■ WHAT TO WORK ON
What you give back must match the data exactly, minus the pictures.
*** DATA TO PROCESS ***
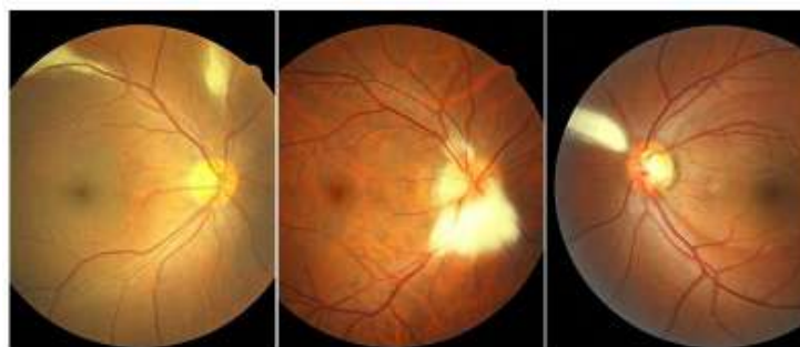
Fig. 1: Various locations of myelinated retinal nerve fibers in this study

The overall prevalence of myelinated retinal nerve fibers was found to be 0.47% (37/7,856). Out of 37 patients with myelinated retinal nerve fibers, 23 were men (23/4,421; 0.52%), and 14 were women (14/3,435; 0.40%). Myelinated retinal nerve fibers varied in location: they were around the vascular arcade, peripapillary region, and nasal region (Figure 1 left, middle, and right, respectively).
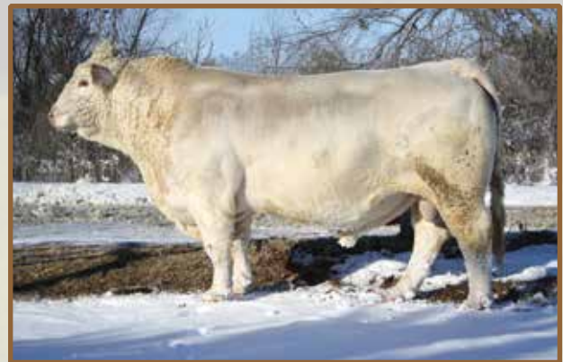
SR/NC Field Rep 2158 P ET, sire of Lot 20
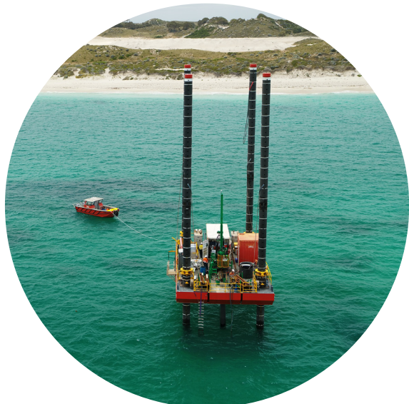
Offshore research ensures we minimise environmental impact
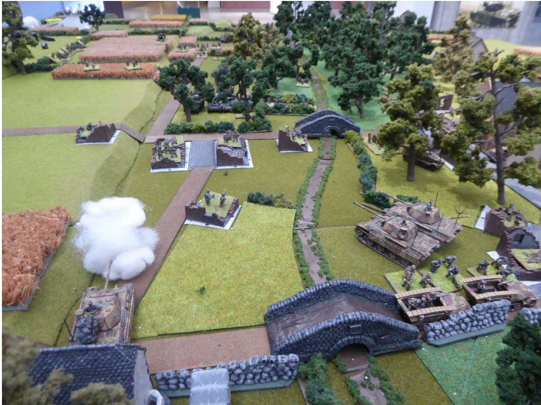
Seen from the south. Sensing that the defence of Le Hamel is coming to an end, Panzer-pioneers and Panthers start to form a strong fall-back position around the high walls of the Chateau's estate
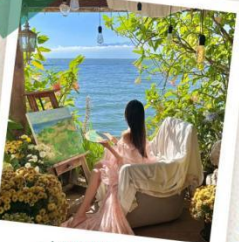
大理推薦打卡 愛麗絲仙境花園 FASHIONABLE TRAVEL
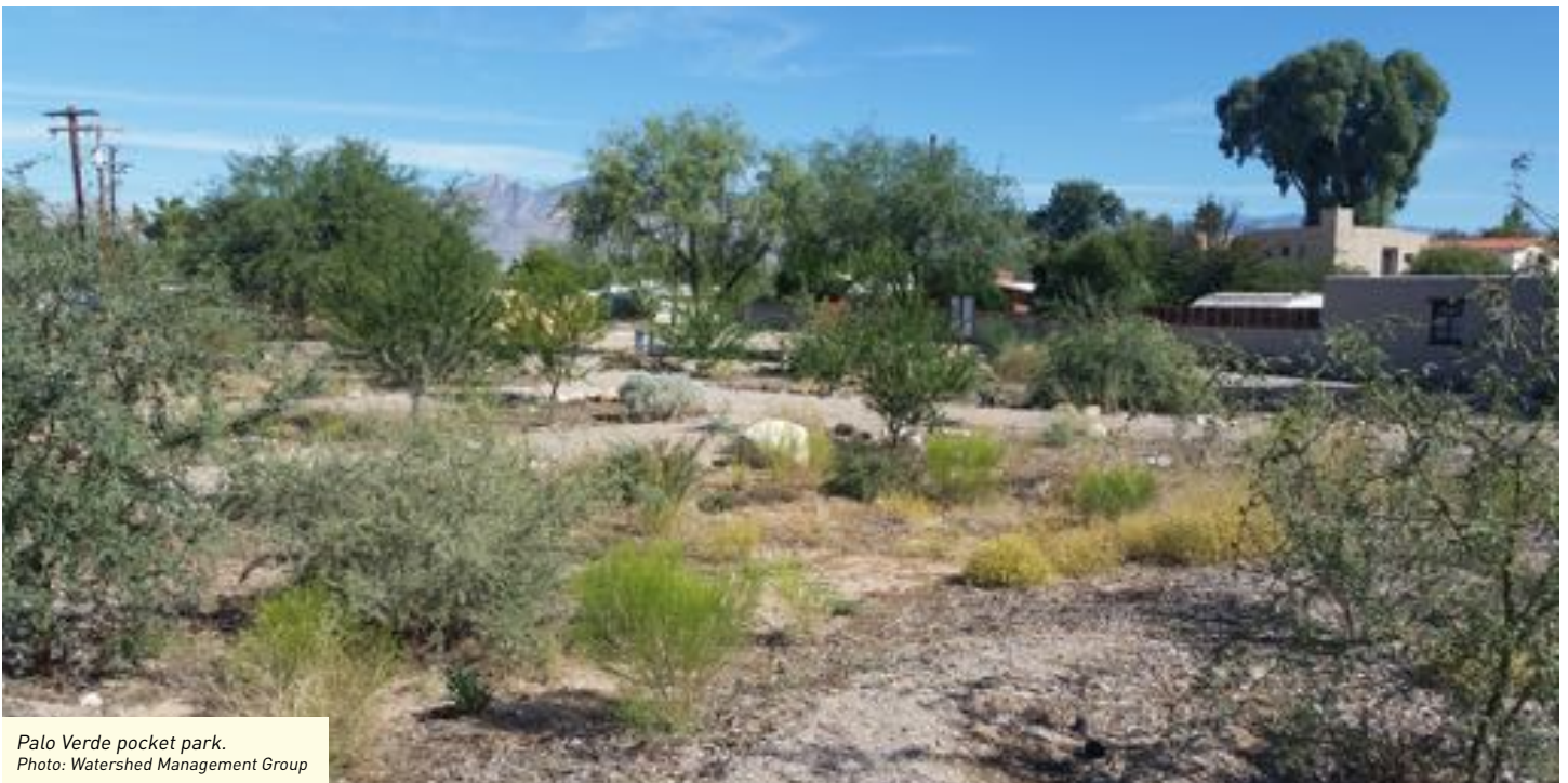
Palo Verde pocket park.

The Urban and Community Forestry Challenge Cost-Share Grant Program is run through the National Urban and Community Forestry Advisory Council (NUCFAC) established in the 1990 Farm Bill under the U.S. Forest Service. 35 NUCFAC assists the Secretary of the U.S. Department of Agriculture in the grant application and development process. The purpose of the grant program is to fund urban and community forestry projects that have a national or regional impact. 36 While this program is not designed to fully fund capital projects or demonstration projects, it could be an important source of funding for capacity building and planning to set policies that incentivize GI for transportation. For example, the Fiscal Year 2020 funding cycle invites applications for projects that integrate urban and community forestry into all scales of planning (including transportation) or for efforts to promote health and resilience of urban and community forests. Previous funding rounds have focused on projects that will address significant barriers to GI, focusing on the role of trees and urban forests.
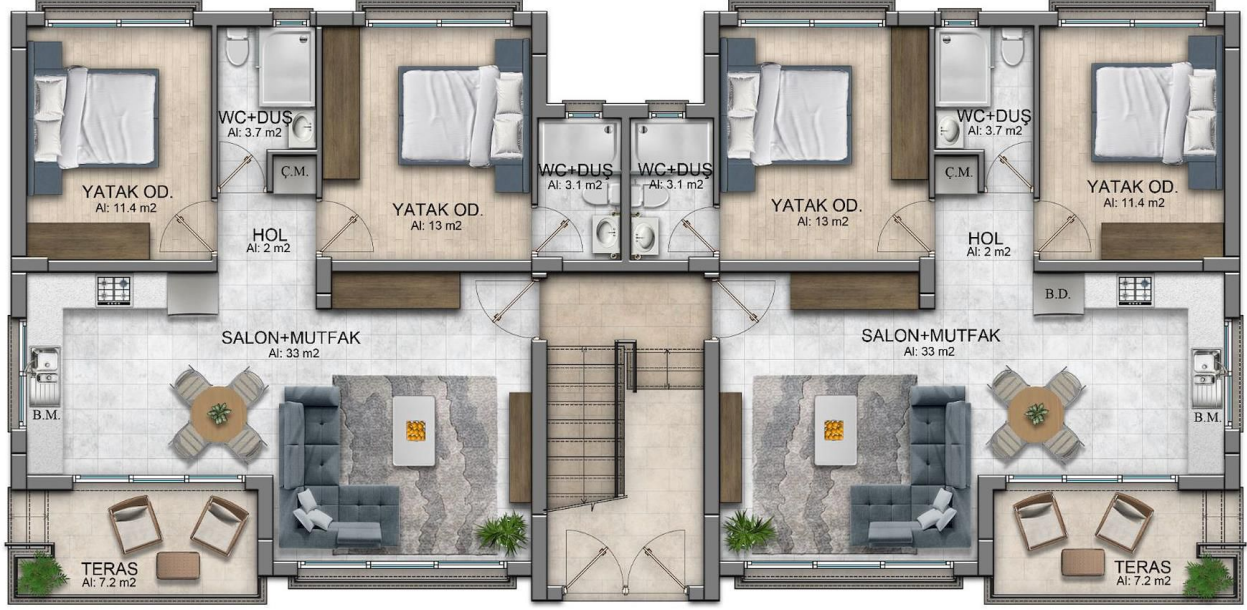
ZEMİN KAT PLANI A TİPİ
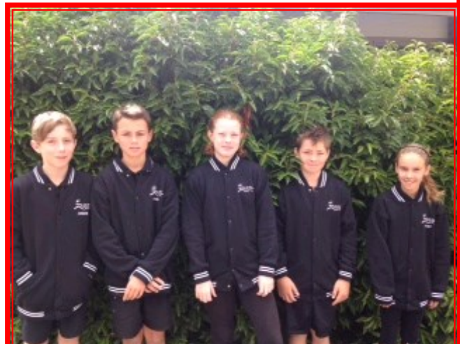
School Student Leadership Team
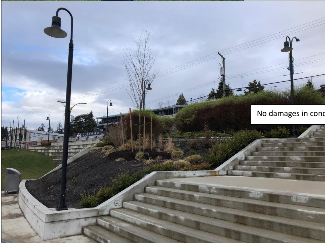
No damages in concrete
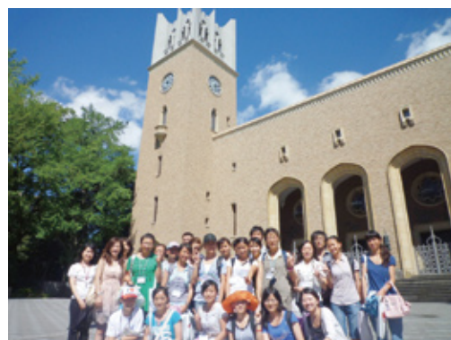
Japanese language students from regional Chinese universities participating in the training program

provinces, along with a teacher to lead the group. The students subsequently received training for about one month at the Waseda University Center for International Education.
*** End of DATA TO PROCESS ***
■ FINISHED TASK
Fig. 1: Various locations of myelinated retinal nerve fibers in this study

The overall prevalence of myelinated retinal nerve fibers was found to be 0.47% (37/7,856). Out of 37 patients with myelinated retinal nerve fibers, 23 were men (23/4,421; 0.52%), and 14 were women (14/3,435; 0.40%). Myelinated retinal nerve fibers varied in location: they were around the vascular arcade, peripapillary region, and nasal region (Figure 1 left, middle, and right, respectively).
SR/NC Field Rep 2158 P ET, sire of Lot 20
Offshore research ensures we minimise environmental impact
Seen from the south. Sensing that the defence of Le Hamel is coming to an end, Panzer-pioneers and Panthers start to form a strong fall-back position around the high walls of the Chateau's estate
大理推薦打卡 愛麗絲仙境花園 FASHIONABLE TRAVEL
Palo Verde pocket park.

The Urban and Community Forestry Challenge Cost-Share Grant Program is run through the National Urban and Community Forestry Advisory Council (NUCFAC) established in the 1990 Farm Bill under the U.S. Forest Service. 35 NUCFAC assists the Secretary of the U.S. Department of Agriculture in the grant application and development process. The purpose of the grant program is to fund urban and community forestry projects that have a national or regional impact. 36 While this program is not designed to fully fund capital projects or demonstration projects, it could be an important source of funding for capacity building and planning to set policies that incentivize GI for transportation. For example, the Fiscal Year 2020 funding cycle invites applications for projects that integrate urban and community forestry into all scales of planning (including transportation) or for efforts to promote health and resilience of urban and community forests. Previous funding rounds have focused on projects that will address significant barriers to GI, focusing on the role of trees and urban forests.
ZEMİN KAT PLANI A TİPİ
School Student Leadership Team
No damages in concrete
Japanese language students from regional Chinese universities participating in the training program

provinces, along with a teacher to lead the group. The students subsequently received training for about one month at the Waseda University Center for International Education.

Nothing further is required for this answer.